**Records for the task:**
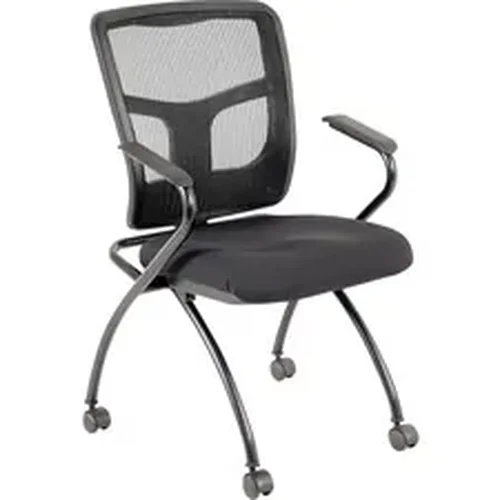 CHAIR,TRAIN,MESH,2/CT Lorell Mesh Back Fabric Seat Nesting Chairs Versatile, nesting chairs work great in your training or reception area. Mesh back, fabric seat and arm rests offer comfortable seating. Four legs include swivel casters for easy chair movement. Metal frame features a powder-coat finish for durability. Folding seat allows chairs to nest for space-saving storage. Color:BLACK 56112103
* * *
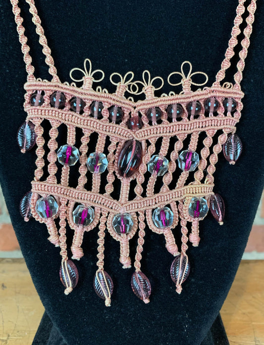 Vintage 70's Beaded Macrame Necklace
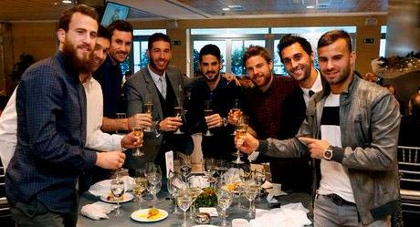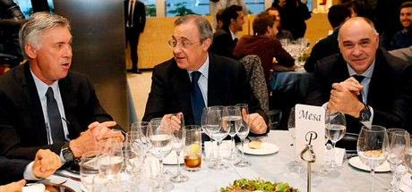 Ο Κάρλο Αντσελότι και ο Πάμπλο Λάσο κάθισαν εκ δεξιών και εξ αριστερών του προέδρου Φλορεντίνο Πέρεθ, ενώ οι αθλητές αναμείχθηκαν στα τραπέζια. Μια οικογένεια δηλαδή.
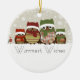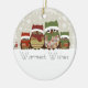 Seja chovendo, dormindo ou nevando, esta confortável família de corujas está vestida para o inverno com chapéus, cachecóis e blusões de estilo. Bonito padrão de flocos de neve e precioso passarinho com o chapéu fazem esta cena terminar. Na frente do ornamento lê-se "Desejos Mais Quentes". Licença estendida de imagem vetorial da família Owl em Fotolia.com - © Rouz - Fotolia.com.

**What the task requires:** Of the records above, print only the lines from the one containing "Ο Κάρλο Αντσελότι" through the one containing "Seja chovendo, dormindo", inclusive and unaltered, leaving out pictures.

**The completed task:**
 Ο Κάρλο Αντσελότι και ο Πάμπλο Λάσο κάθισαν εκ δεξιών και εξ αριστερών του προέδρου Φλορεντίνο Πέρεθ, ενώ οι αθλητές αναμείχθηκαν στα τραπέζια. Μια οικογένεια δηλαδή.
 Seja chovendo, dormindo ou nevando, esta confortável família de corujas está vestida para o inverno com chapéus, cachecóis e blusões de estilo. Bonito padrão de flocos de neve e precioso passarinho com o chapéu fazem esta cena terminar. Na frente do ornamento lê-se "Desejos Mais Quentes". Licença estendida de imagem vetorial da família Owl em Fotolia.com - © Rouz - Fotolia.com.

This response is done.